Python Memory Management and Tips Transcripts
Chapter: Recovering memory in Python
Lecture: When reference counting breaks
0:00 Well, you heard me go on about the benefits of reference counting. It's fast, It's lightweight, it's deterministic
0:08 and yet we saw there's this other thing called a GC that must be doing something, a garbage collector, and it wasn't involved in reference counting.
0:15 So what's the deal? Where does reference counting fall down? Where does it break? Reference counting is excellent, but one thing it cannot deal with
0:25 is cycles. You have one object you create and then that object refers to another and then some other part to another,
0:32 which links back to itself, which might create some kind of cycle.
0:36 You're gonna end up in a situation where the reference count can never go smaller than 1, so the object will never be freed, and it'll be
0:43 leaked. Memory will be leaked and it won't be great. There's some interesting things you can do around that for performance,
0:50 but first, let's just look at the problem. So let's start with some simple code. We have our person that we created, and we can add friends to them.
0:59 So we're gonna create one person whose name is Michael.
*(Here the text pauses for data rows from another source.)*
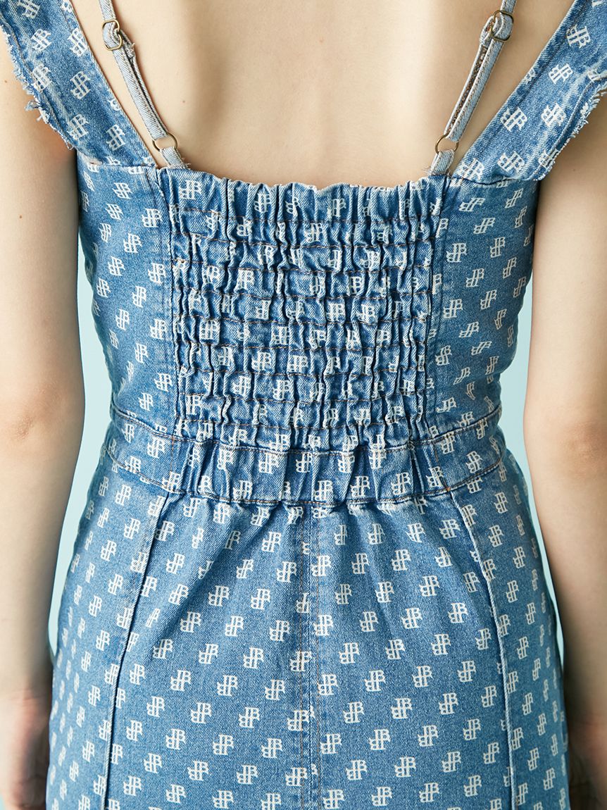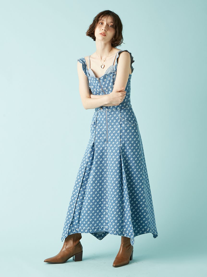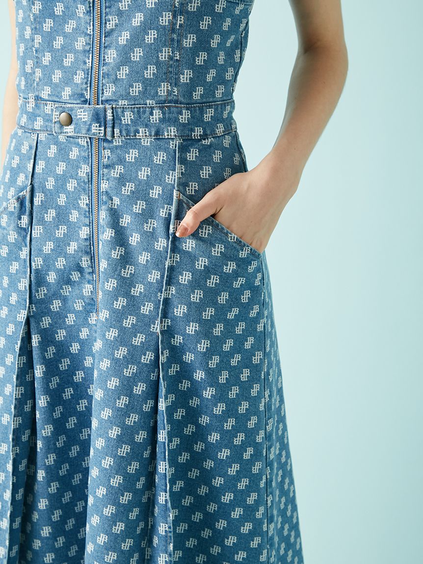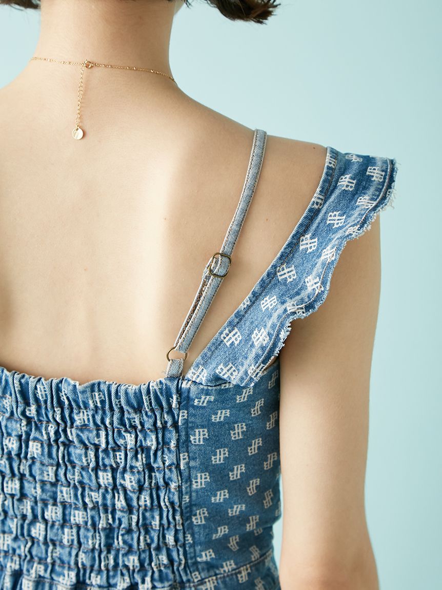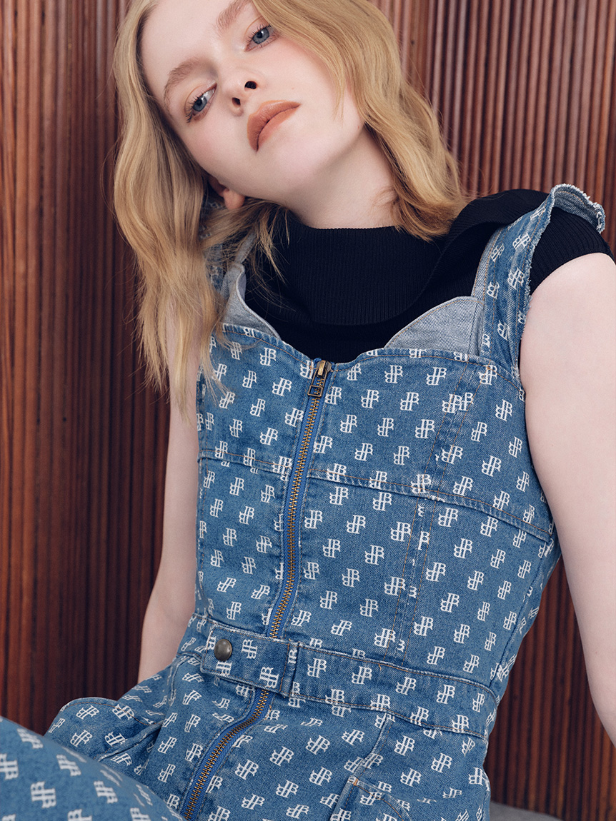 採用貼合身形的彈性丹寧布料。BLU色系以品牌標誌的褪染印花增添LILY BROWN獨有的精緻質感。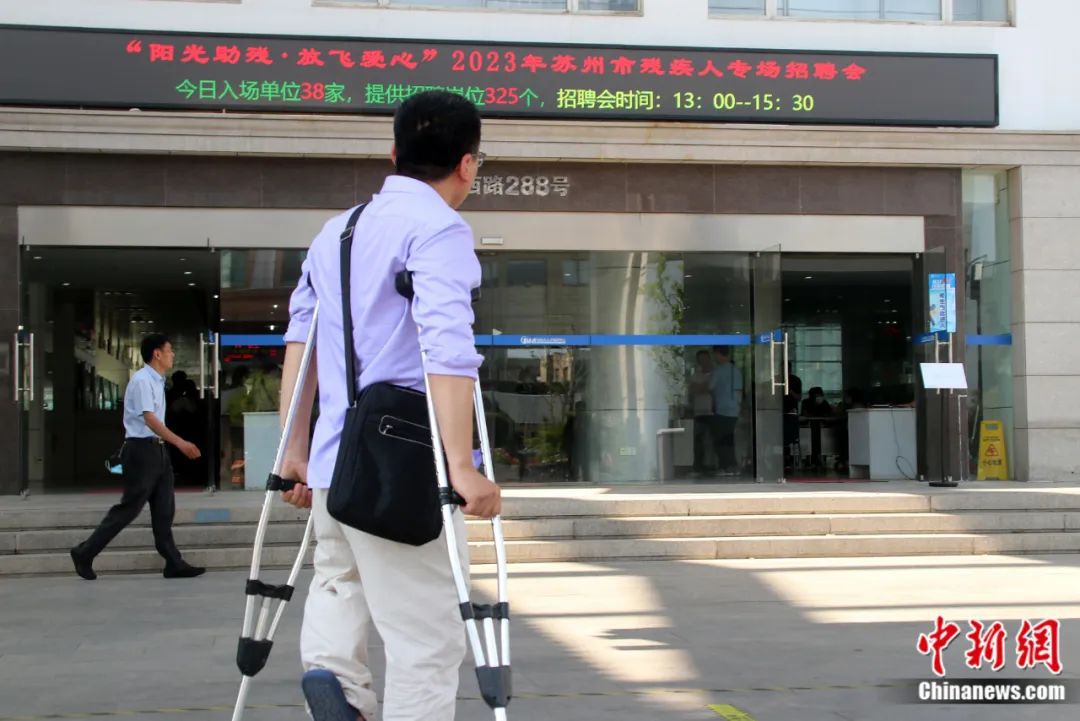 求職者在蘇州市殘疾人專場(chǎng)招聘會(huì)上尋找職位。王建康 攝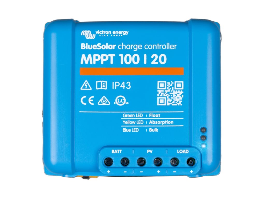 MPPT solární regulátor Victron Energy BlueSolar 100/20 je výkonné řešení pro 12V/24V solární systémy v karavanu, na lodi i v off-grid instalacích. Rychlé MPPT sledování maximalizuje výkon panelů i při proměnlivém počasí a šetrně dobíjí baterii s ochranami proti přebití a přetížení. Podporuje běžné olověné baterie (WET/AGM/GEL) a umožňuje nastavení dobíjení podle použité technologie; pro monitoring lze doplnit Bluetooth/VE.Direct příslušenství.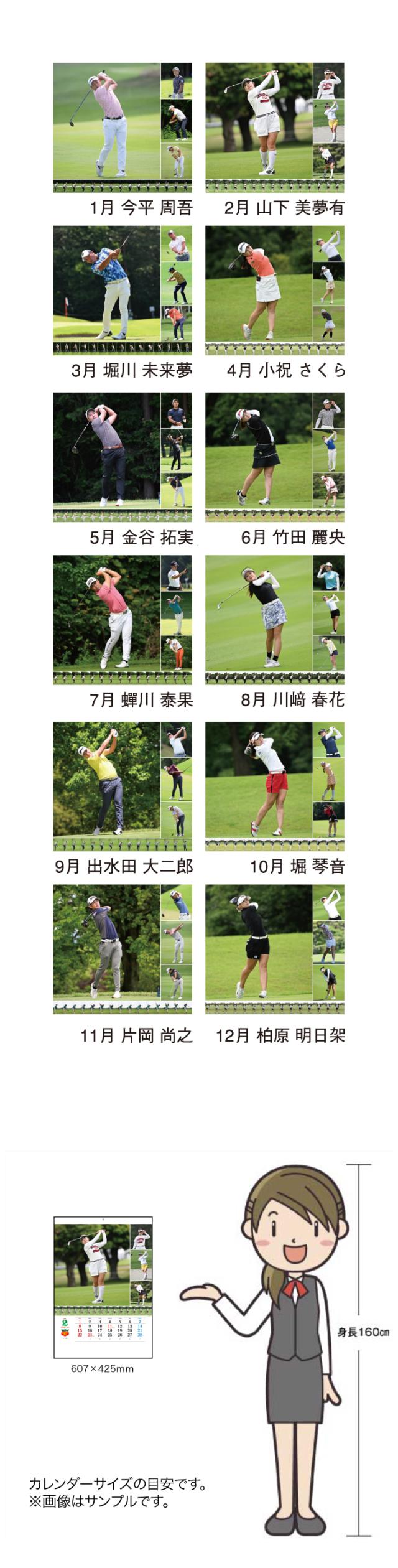 | 商品特徴 | ・日本の男女トッププロの競演 ・12名の夢のオールスターによるナイスショット ・カレンダーを綴る部分を金具ではなく、厚紙を使用しホットメルトという接着剤を使用した、環境に優しいエコカレンダーになります。 ・廃棄する時も分別の必要がない、手間もかからず環境にも配慮した商品です。 |

There they are. They're out here in memory.
1:03 So person name is Michael. They have some friends, there are no friends in there yet. Create another person.
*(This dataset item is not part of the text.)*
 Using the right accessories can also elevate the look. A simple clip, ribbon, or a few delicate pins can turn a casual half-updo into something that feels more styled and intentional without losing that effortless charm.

1:09 Her name is Sarah. She's out here in memory, and she has no friends either. But notice each one has a reference count of 1, and 1 because p1 points
1:17 at Michael, so that's 1, p2 points at Sarah, so she gets 1. However, Michael and Sara are friends, so we're gonna go over to Michael,
1:27 p1, and say "add to the friends, or appended to the friends list, p2, that's Sarah". So that means that Sarah is one of Michael's friends.
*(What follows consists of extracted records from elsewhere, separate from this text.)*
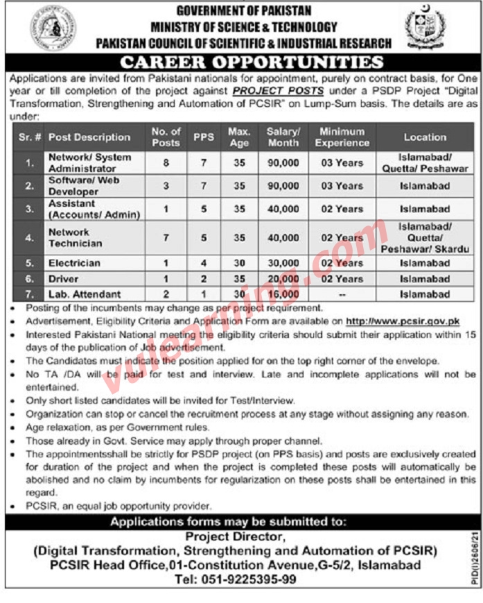 Advertisement of PCSIR Jobs October 2021 Application Form Pakistan Council of Scientific and Industrial Research Latest-116617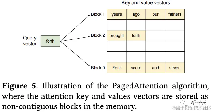 这种设计使得KV块存储在非连续物理内存中,从而让vLLM中的分页内存管理更加灵活。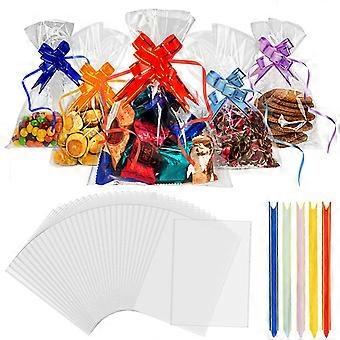 100Pcs Cellophane Bags, 6 x 10 In Cookie Bags with Colorful Pull Bows, Clear Gift Bags for Food Storage
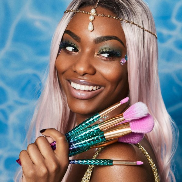 เซ็ตแปรงหางนางเงือกไฮไลท์ของคอลเลกชันนี้ที่มีชื่อเล่นว่า 'FIN-tastic' ประกอบไปด้วยแปรงหัวแหลม หัวโดม แปรงไฮไลท์ แปรงปัดแก้ม และแป้งสำหรับแป้งฝุ่น ตัวขนแปรงสีชมพูฟูฟ่องอันนั้นคือเป็น Vegan Friendly หมายความว่าไม่ได้ทำมาจากขนสัตว์นะจ๊ะ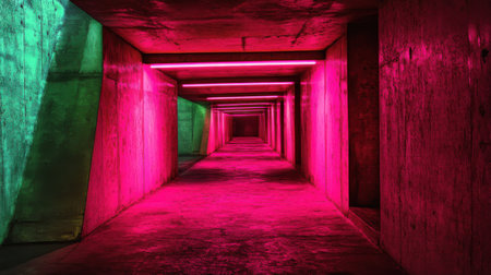 Vibrant pink and green neon lights enhance the structure of a long concrete tunnel, creating an intriguing and surreal environment. The lighting casts shadows that deepen the spatial effect.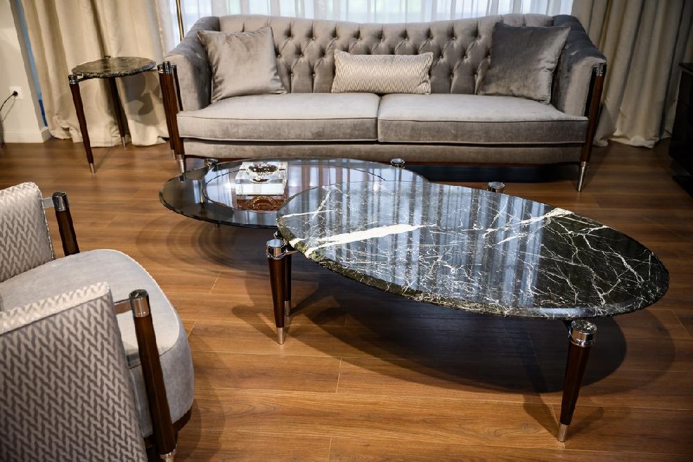 Журнальный столик выполнен в стиле Ар-деко. Столешница изготовлена из мрамора, ножки массив бука, детали металл.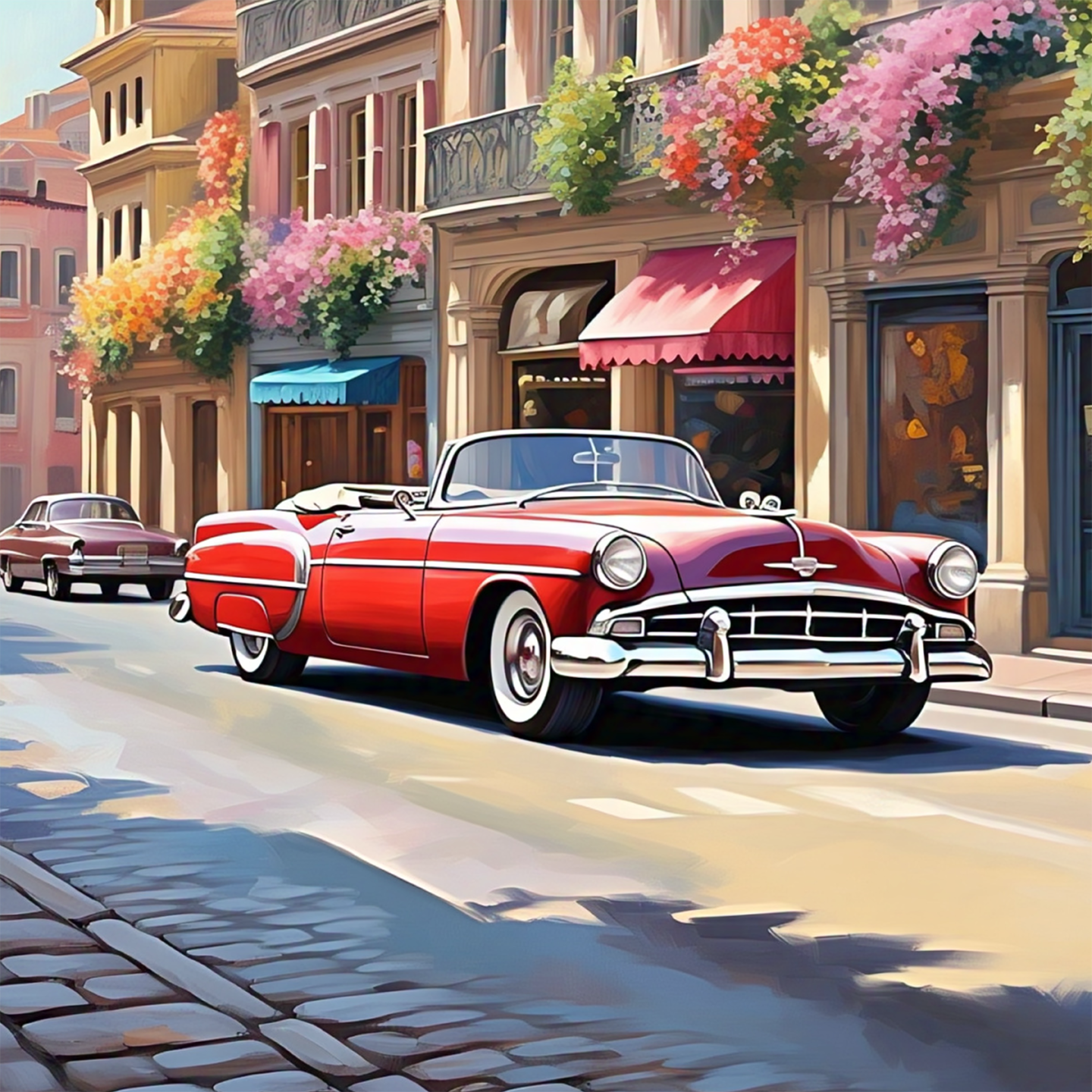 This vibrant artwork captures a slice of European city charm and nostalgic elegance through a bright, expressive digital painting style. The focus is a magnificent vintage red convertible, depicted cruising down a sunlit cobbled street, its chrome details gleaming. The car's deep crimson color is beautifully contrasted by the warm, pastel facades of the buildings that line the street, which are draped with lush boxes of pink, orange, and yellow trailing flowers. The scene is saturated with sunlight, casting long, sharp shadows across the pavement and highlighting the warm tones of the classic architecture. This piece evokes a feeling of romantic travel and carefree, stylish nostalgia, transporting the viewer to a perfect summer day in a picturesque setting.

1:36 Sarah, being a lovely person, wants to reciprocate that and says, "hey, I'm also a friend. Michael is my friend because I'm his friend",
1:45 right? So in the same way, we're gonna put Michael into Sarah's list of friends. And now look, each of them have 2 reference counts.
1:54 And now we decide "hey, we're done with p1", and that's going to take away this link, and the reference count for Michael is 1.
2:01 The 1 comes from Sarah and her friends list, pointing back, and guess what, we're done with Sarah as well, so we're gonna take away that link,
2:08 and her reference count goes down to 1 as well because Michael is one of her friends, and she's in his friend list.
2:16 So look at this. We're in this situation where there's no more variables pointing at either Michael or Sarah, and yet their reference count is 1.
2:24 What action could possibly happen in this program that will make that go to zero, either for Michael, so that he'll get cleaned up,
2:32 which will take away the reference count of Sarah and get her to clean up or in reverse? Well, there's nothing left pointed at them.
2:37 No one can manipulate the friends list because no one even knows about these variables anymore.
2:42 This is just a fundamental flaw in reference counting garbage collection. If you end up in a situation like this, you're done. Those things will never,
2:51 ever be cleaned up. I guess you could like C++, remember to always break the cycles. But that's not gonna work, right? It might not be this simple.
3:00 There could be, Michael has some other friend who has some other object which holds on to other people who then hold on to Sarah,
3:08 who happens to be one of Michael's friends or, you know, something like some big, long, complicated chain. It's not a 2 person linked cycle.
3:15 It could have many, many links in that cycle, and it could be really hard to understand. So these cycles,
3:20 that's what fundamentally breaks reference counting. You can see, we've even set both the variables to none,
3:26 and there's no mechanism for cleaning up Michael or Sarah because they're in this, like, locked bit where you've gotta wait for one to go away to get
3:34 to the other, but that's never gonna happen.